December 20, 2016 Meredith Klein

This salad has been a huge hit at many of my retreats this fall, and was so frequently requested that I've decided to share it here. If pomegranates are not in season, you can omit them or use dried cranberries in their place to maintain a sweet-and-sour kick.

¼ c. balsamic vinegar
2 T. Dijon mustard
1 t. salt
¼ c. olive oil
1 bunch curly green kale, de-ribbed and cut into thin ribbons
¼ c. walnuts, chopped coarsely
2 pounds red beets, peeled and shredded
½ c. pomegranate arils (what are commonly called seeds)
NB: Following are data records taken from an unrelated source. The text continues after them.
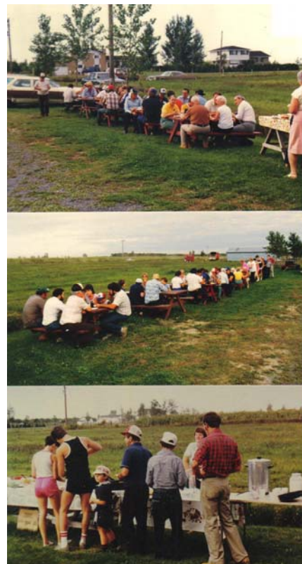
C a s s e l m a n 1 9 8 5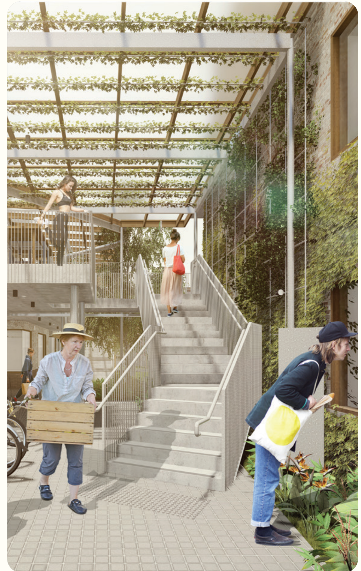
The light-filled main entry

Located in the heart of Habitat – a little oasis within one of the most beautiful places on Earth – Easy Street is a stroll from the beach (lunchtime surfs!) and 10-minute cycle to town.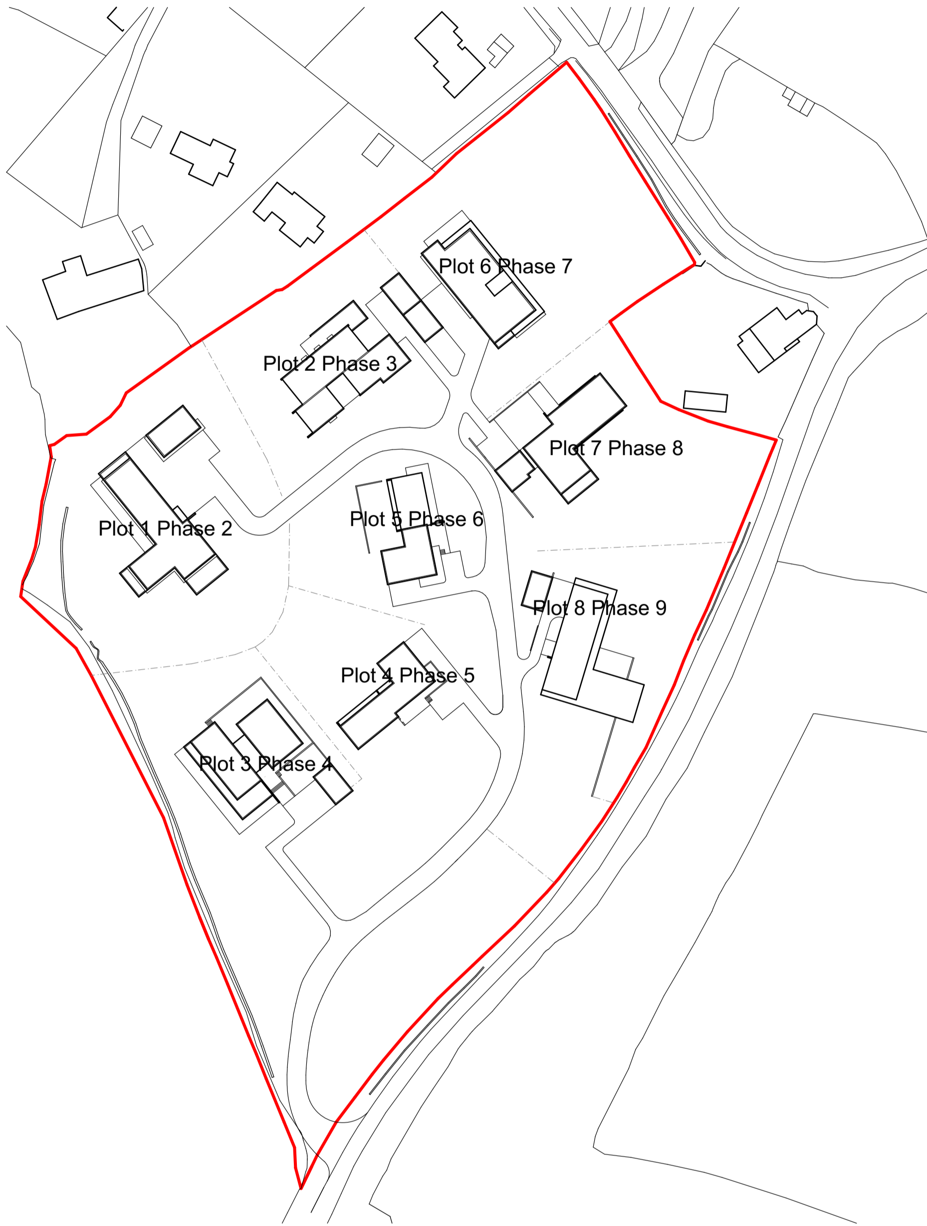
Block Plan As Previously Approved ref 18/02581/FUL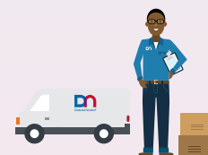
DN Allconnect™ 2nd Line Service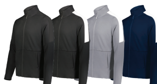
BLACK/BLACK 425 BLACK/WHITE 420 GRAPHITE/WHITE R04 NAVY/WHITE 301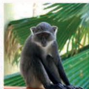
Colobus conservation, Diani Turtle Watch and Diani Whale Shark Trust Support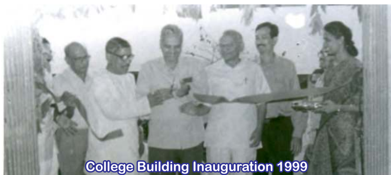
College Building Inauguration 1999

Pharm. D is a six year Doctor of pharmacy course, which is equivalent to post graduation in pharmacy. This course is clinical and hospital oriented. It encompasses the knowledge and training on drugs uses, actions, adverse reactions, clinical research and pharmacotherapeutic outcome.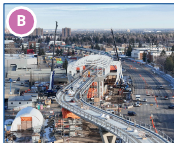
Area 6: West Edmonton Mall Station & Elevated Guideway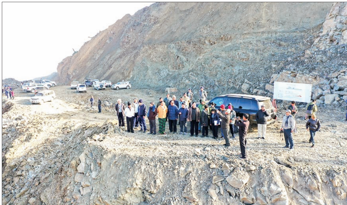
Union Minister for Transport and Communications U Thant Sin Maung inspects the construction site of the Surbung Airport project in Falam Township, Chin State, on 29 December.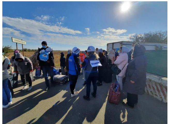
OSCE SMM staff speaking with civilians at the corresponding checkpoint of the armed formations near non-government-controlled Olenivka, Donetsk region, October 2021

In addition, civilians also explained that it was sometimes difficult to reach the armed formations to obtain “permission” to cross. Some said that the telephone numbers provided did not work when calling from government-controlled areas, and, as a result, they could not proceed with their plans to cross the contact line.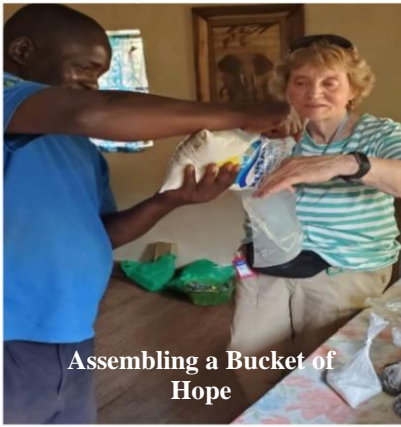
Assembling a Bucket of Hope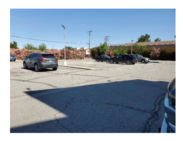
Additional parking area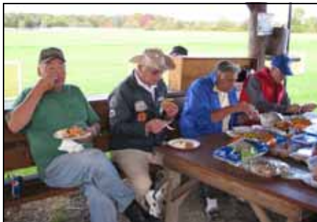
Dinner trumps flying

Thirty two knights and family came out to North Collins to take advantage of the last picnic.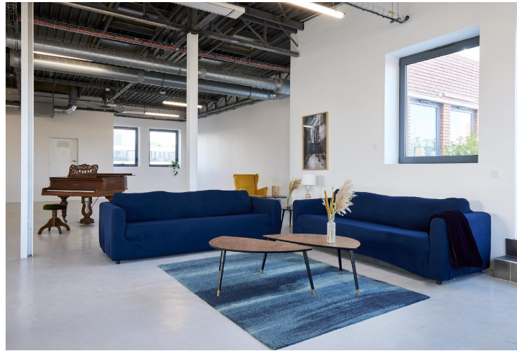
© Andreas B. Kruger / shared lounge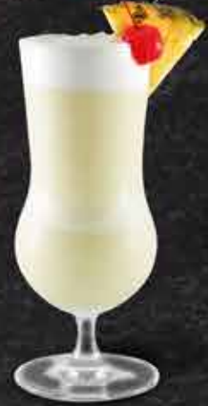
VIRGIN PINA COLADA $10

Its combination of yakult, refreshing citrus and topped with jelly fruit.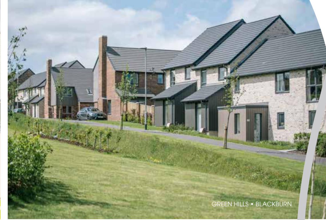
GREEN HILLS • BLACKBURN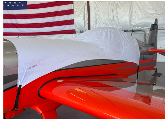
Extra NG Canopy Cover, Single Place Model, test fit cover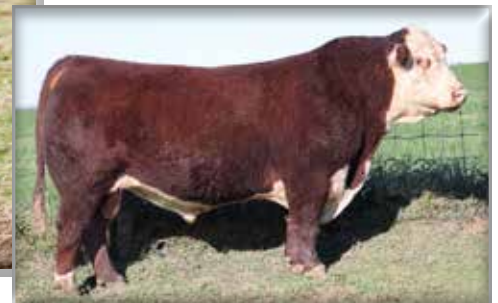
NJB 950 718 Cash 917 – Service sire for Lot 89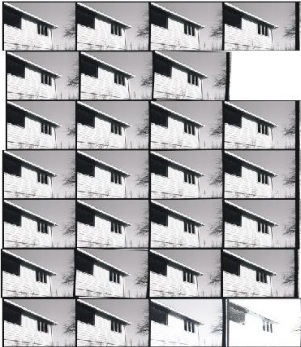
Figure 3: "Nuclear Household"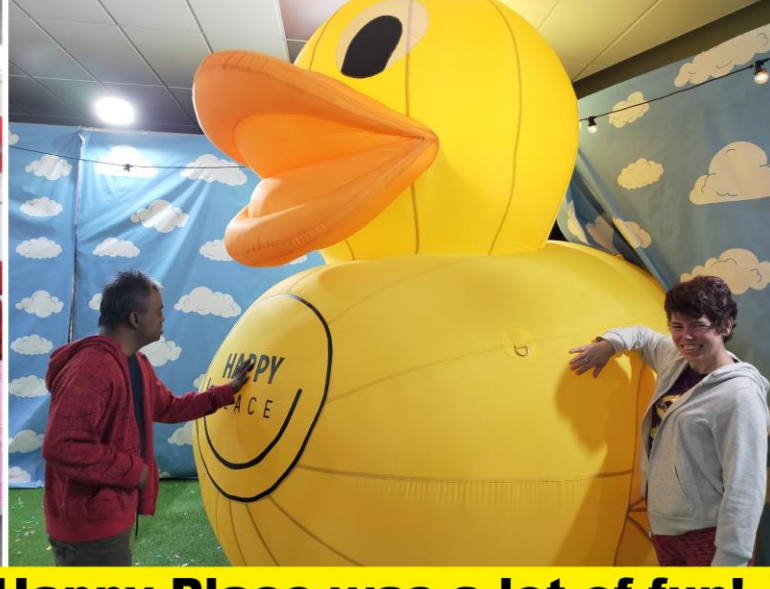
The Happy Place was a lot of fun!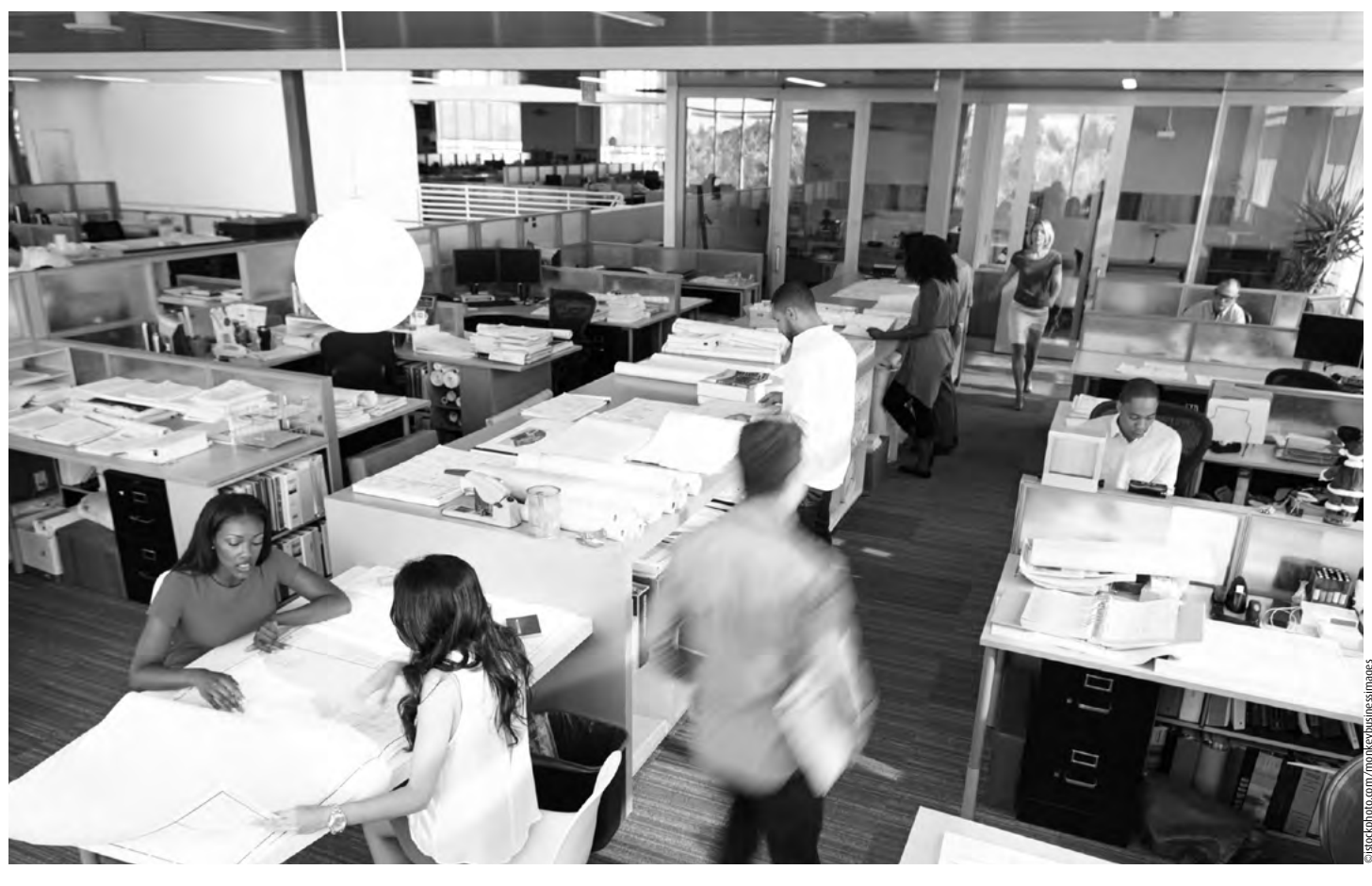
80/20 thinking turns office carpet industry on its head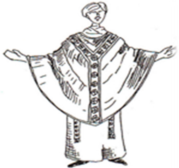
ADVENT AND LENT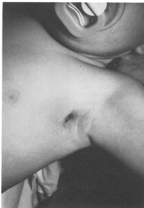
Figure 4 Lymphadenitis 13 weeks after vaccination, with spontaneous perforation.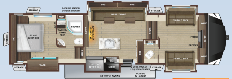
376FBH OPTION A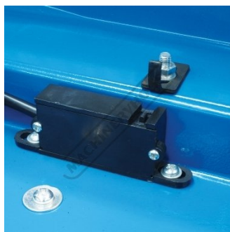
Safety Micro Switch on Pulley Guard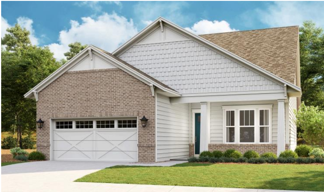
ELEVATION: BB- Craftsman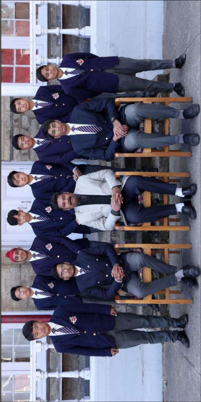
Chess Team, 2019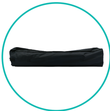
QTY 1: Channel Bar Bag

• 114 3/8" L x 1 1/16" W (When assembled)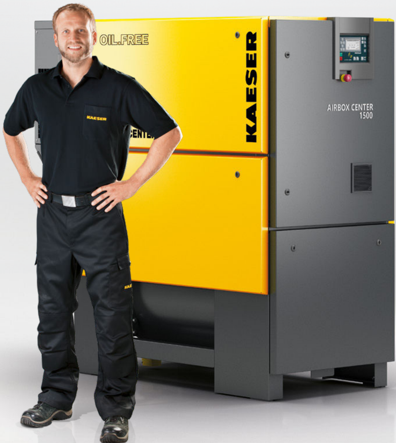
Image: AIRBOX CENTER 1500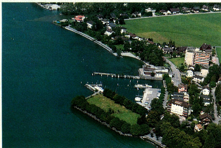
Expatriate Swiss architects will be proposing designs for the treatment of this peninsula.

Foundation for the "Place of the Swiss Abroad"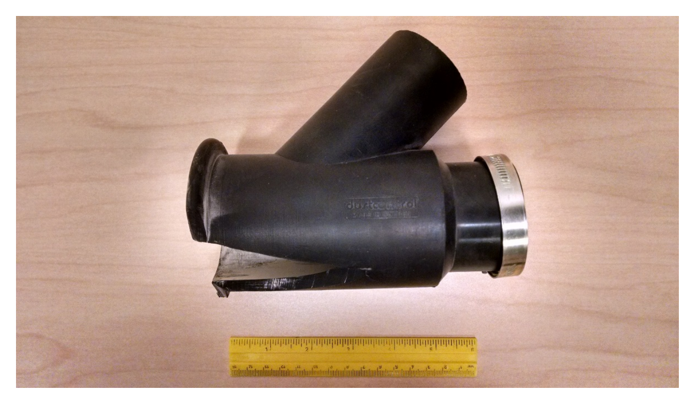
Figure 3 - On tool exhaust hood

The hood was connected to a pre-separator (model DC 2800, Dustcontrol, Inc., Wilmington, NC) with a 4.6 m length of 38 mm diameter vacuum cleaner hose. A length of 50 mm diameter hose linked the pre-separator to a vacuum cleaner (model DC 2900c eco, Dustcontrol, Inc, Wilmington, NC) equipped with a part number 42029 prefilter and part number 42027 class-H<sup>2</sup> final filter (Dustcontrol, Inc, Wilmington, NC). The pre-separator and vacuum cleaner are shown in Figure 4. The use of a cyclonic pre-separator reduces the accumulation of dust and debris on the filter in the vacuum cleaner, which helps to maintain a steady airflow [Heitbrink and Santalla-Elias 2009]. The vacuum cleaner and pre-separator are shown in Figure 4. The pre-separator is the larger unit on the right.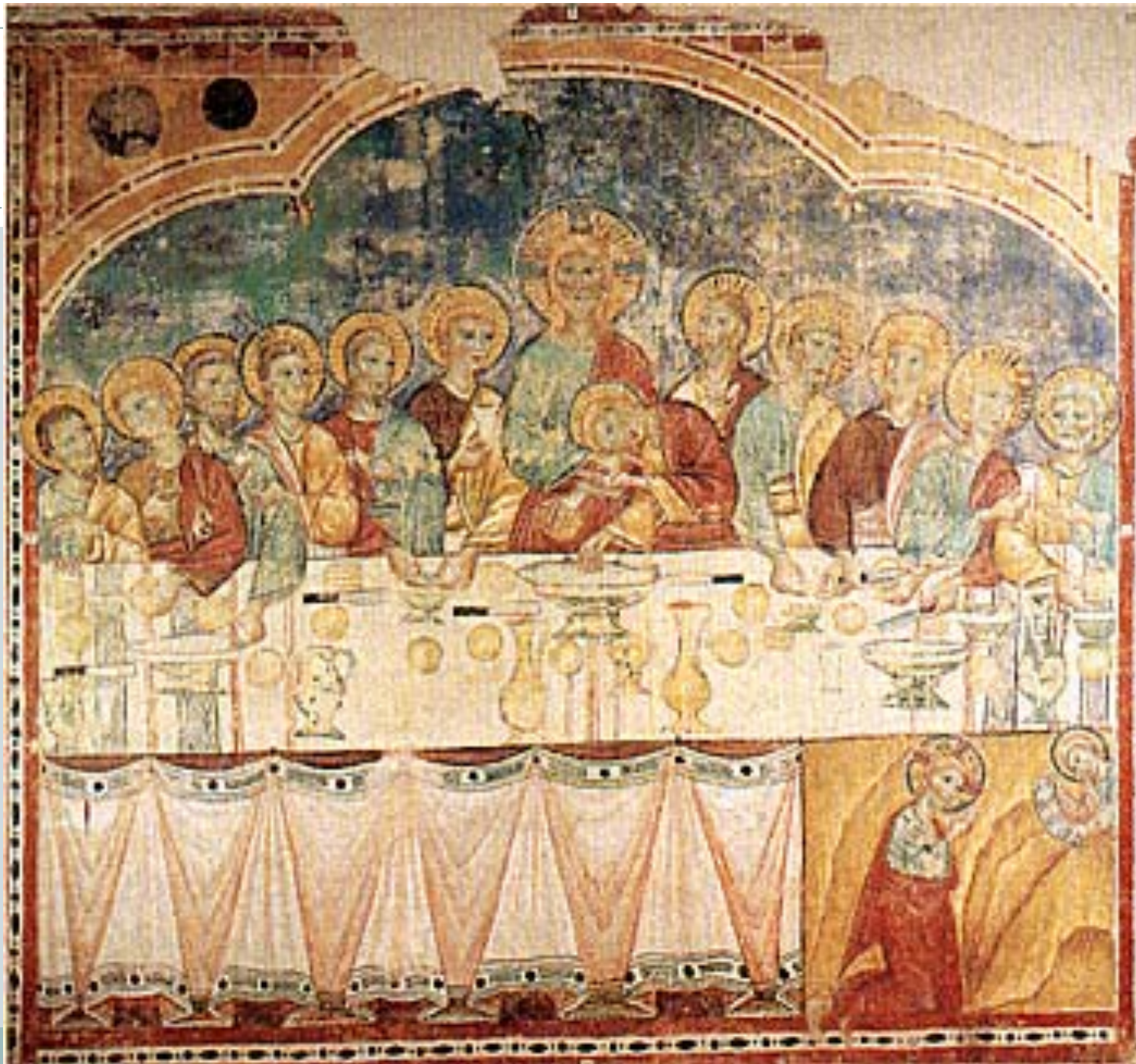
The Last Supper and the Agony in the Garden, about 1300

Whisk together vinegar, mustard and salt in a small bowl. Slowly drizzle in olive oil, whisking constantly, until dressing is emulsified.

Place prepared kale in a large bowl and pour dressing over it. Use your hands to massage the dressing into the kale until it becomes noticeably softer. Let kale marinate for 20-30 minutes.

While kale marinates, toast walnuts in a pre-heated 350-degree oven for 4-5 minutes, until fragrant and slightly darker. Remove from oven and set aside to cool.

Add beets, pomegranate arils and toasted walnuts to the kale and stir well. Serve immediately or refrigerate until ready to serve.